GGF5 (BOF),
July 2002, Edinburgh, Scotland
Grid Information Retrieval Proposed WG
Tue, Jul 23, 2002: 6:00pm - 7:00pm
Description led by Kevin Gamiel (kgamiel at cnidr.org)
Location Harris 2 (40)
The BOF hosted 28 attendees.
Chair presented several
slides on information retrieval (IR) background and proposed
an evolutionary step towards a grid-based
IR system.
In summary, GridIR proposes to explode the traditional, monolithic
indexer/search engine into it's constituent pieces, develop
well-defined interfaces for each as OGSA grid services, and using
a technology
such as web services flow language (WSFL) tie the modular
services together into highly customized IR systems (slides to be
posted
to www.gridir.org). The services could be tied together via
a dynamic routing scheme based on logical service name, such
that at runtime
a directory service could provide a real-time mapping from
logical service name to appropriate service instance. With each
piece
being well-defined and modular, the system promotes rapid
experimentation
and specialization, as a researcher might focus on a single
problem such as merging results from several different searches
without
worrying about the complexities of other supporting services.
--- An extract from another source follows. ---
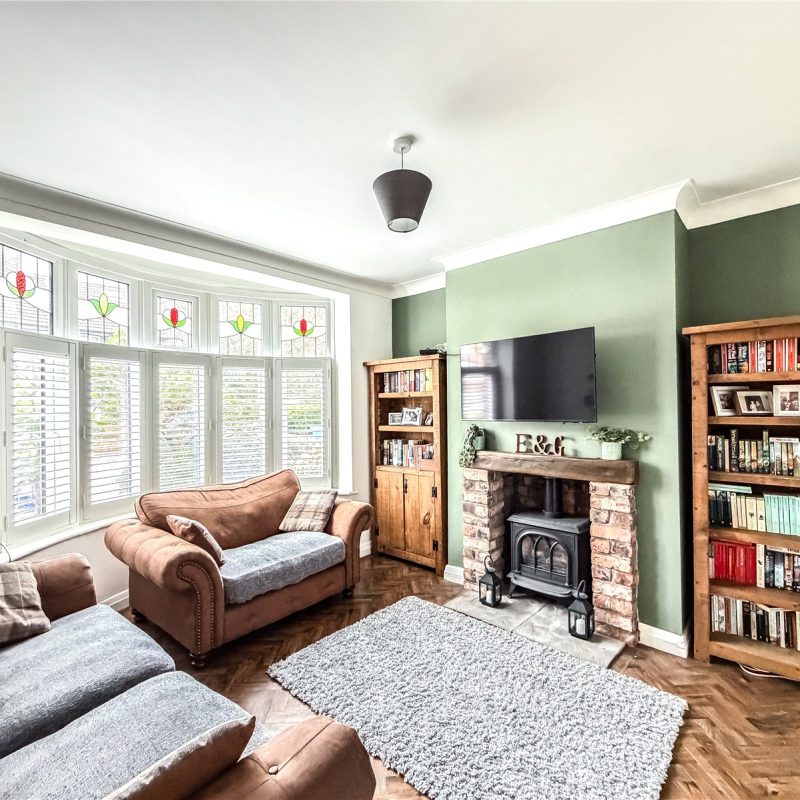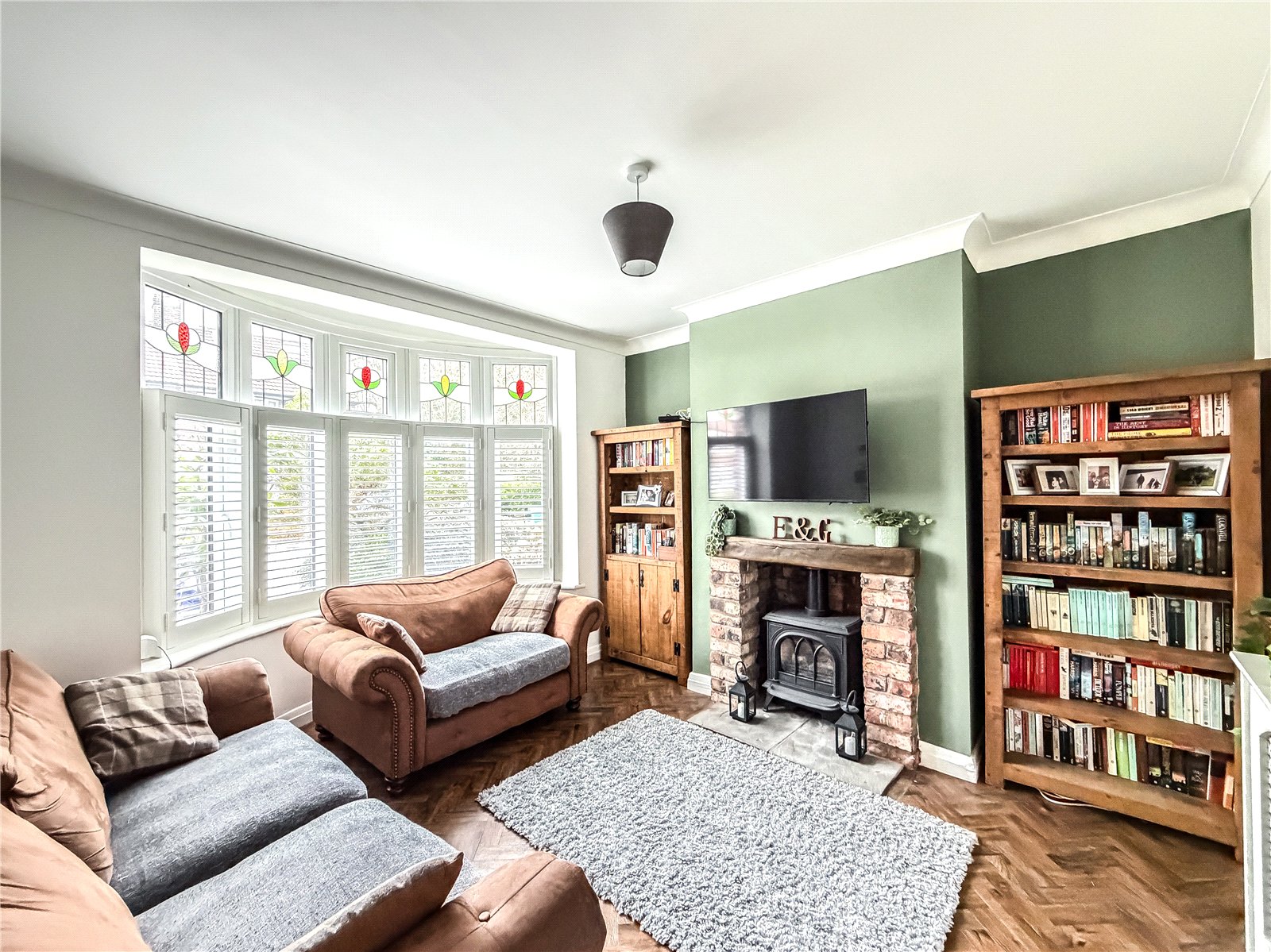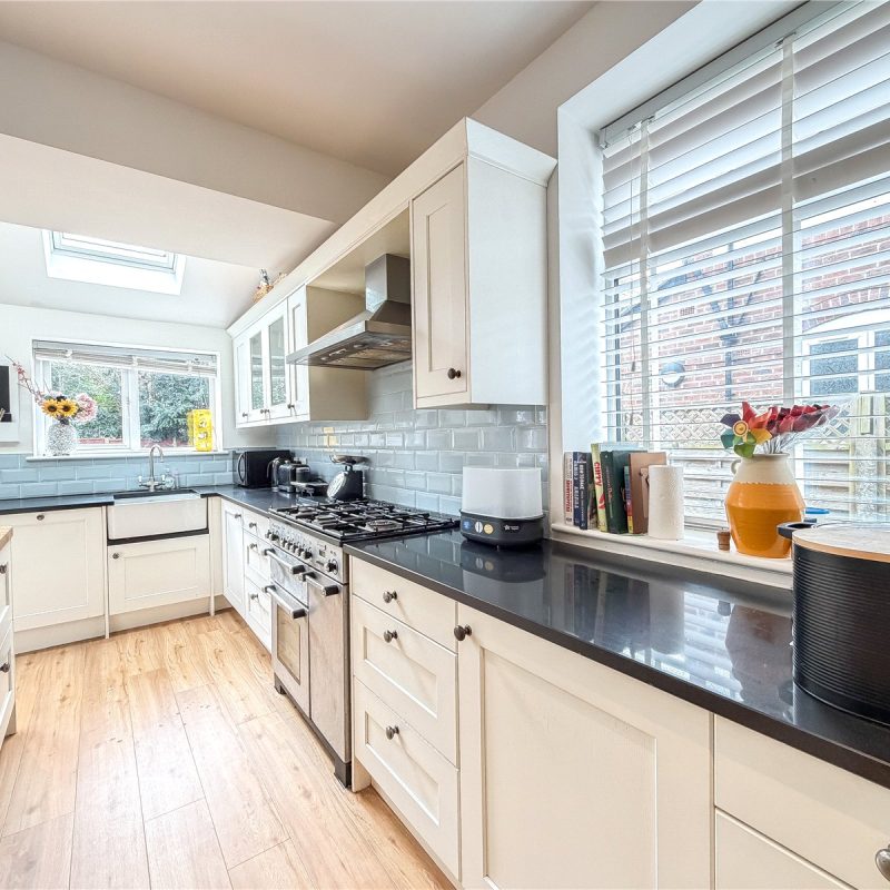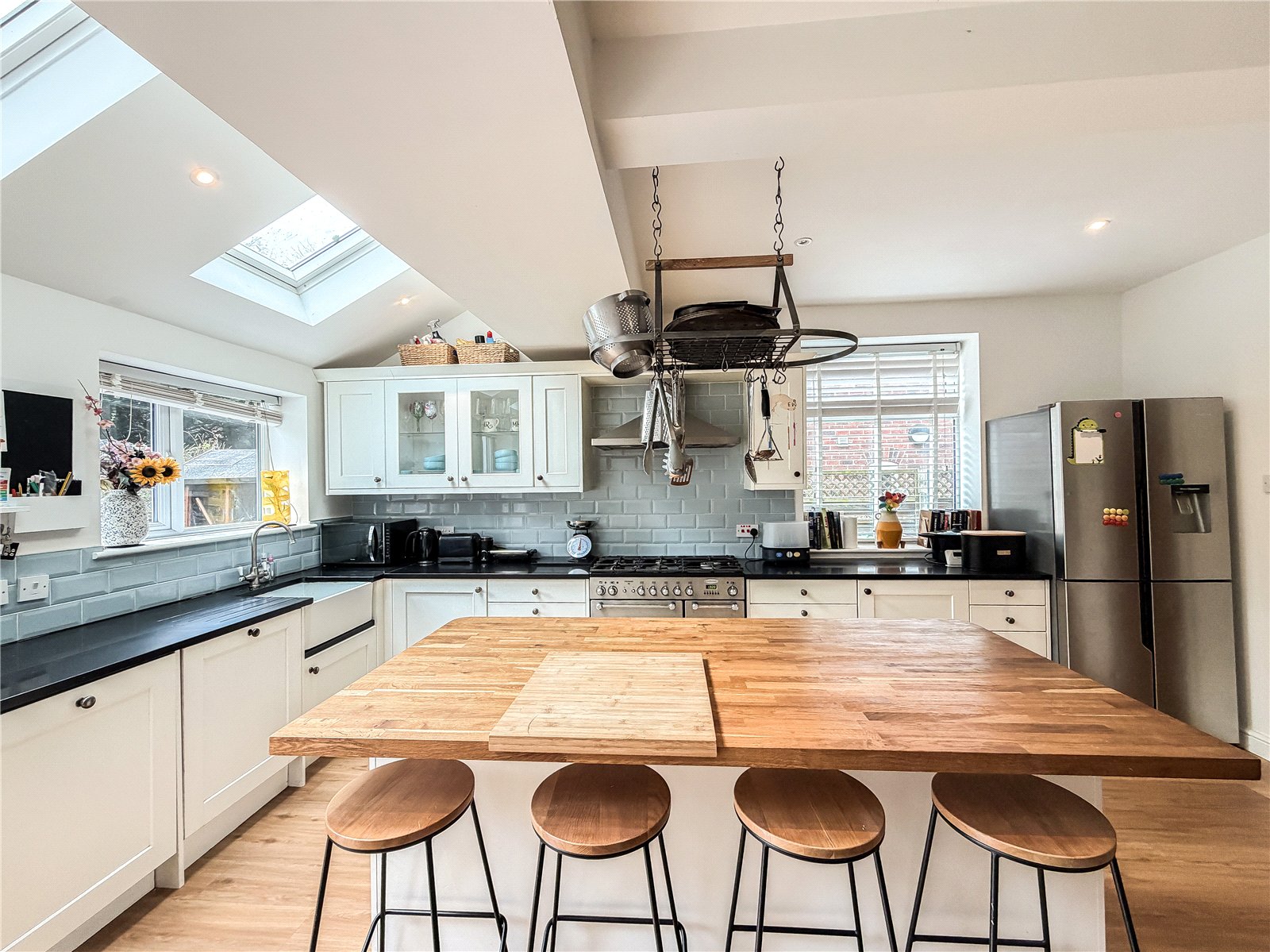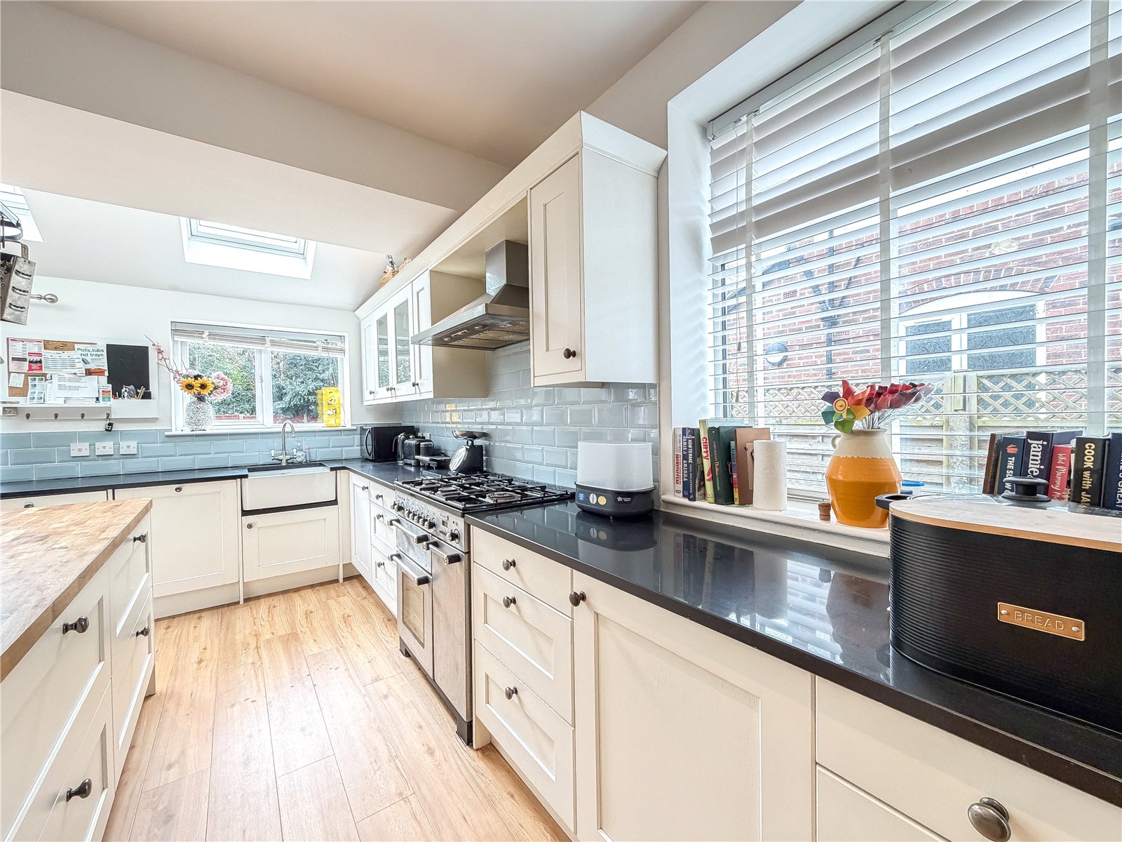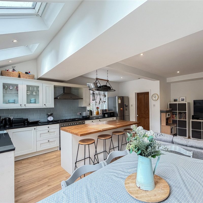 To the rear is the spectacular extended open-plan living kitchen with vaulted ceiling and fitted with a selection of stylish bespoke units with feature central island. The room also offers ample space for a large dining table and chairs and sitting area creating the ideal space for entertaining and day-to-day family living. The room is bathed in natural light from the skylights above and bi-fold doors opening out to the South facing lawned gardens.

Is there overlap with Grid Information Services
working group? Chair of that group in attendance and says no, there
is no
overlap. Grid
Information Services is a service metadata system, a system
that may indeed support GridIR as a vehicle for publishing
the existence
of GridIR services.
Any objections or problems with the
charter? A proposal was raised to collapse the requirements and
architecture
docs
into one,
as the architecture doc would by definition include
the requirements. Counter argument offered, that it may be
useful to keep separate
as a logical sequence of events, even if there was ultimately
overlap.
No real consensus either way, should have further discussions
on mailing list.
What are systems we can look at/learn
from? JXTA Search system and other peer to peer systems. An internal
Oracle
code to
be released
to Chair (and community?) for evaluation.
Will GridIR
solve the merging results problem? No, but enables the possibility
to focus on such problems.
Because
GridIR
consists of
modular, connectable services, one can focus on
a specific service, like merging, without having to
bother with
any of the other
services, something that to this point has been
difficult to accomplish.
Will MCNC-CNIDR offer a prototype? Yes.
How will
average user benefit? As far as use, a user wouldn't see much
difference. That is,
they would
probably interact
with the
system through a web page with a query interface.
However, GridIR should enable secure databases,
more databases,
and better quality
databases because GridIR modularity promotes
greater experimentation with new types of IR systems.
Chair
requested as many IR systems as possible to help with interface
development
Issue of compression raised, both for indexes
and data transfer between nodes. Index
compression considered
out-of-scope and
dependent on particular indexer implementation
for a
specific node instance,
whereas compression of data transfer
an important issue for further consideration.
Caching issue
raised. Consider caching nodes that cache data, e.g. from distributed
crawlers.
Should this be a working
group or a research group? Discussion
ensued
on merits of
both. Led to a
consensus that we should
definitely have a working group
to perform the work as originally
proposed,
i.e. the OGSA-based IR system.
There was also support for a
separate research
group
to address
the many
valid, broad
research questions
related to IR on the grid, e.g.
how to
merge ranked results from various
searches in
a meaningful way. For example,
one might
devise
a method of returning corpus
information along with each result set to enable
reasonable merging.
Chair
agreed to
approach
idea of a separate research group with Area directors.
|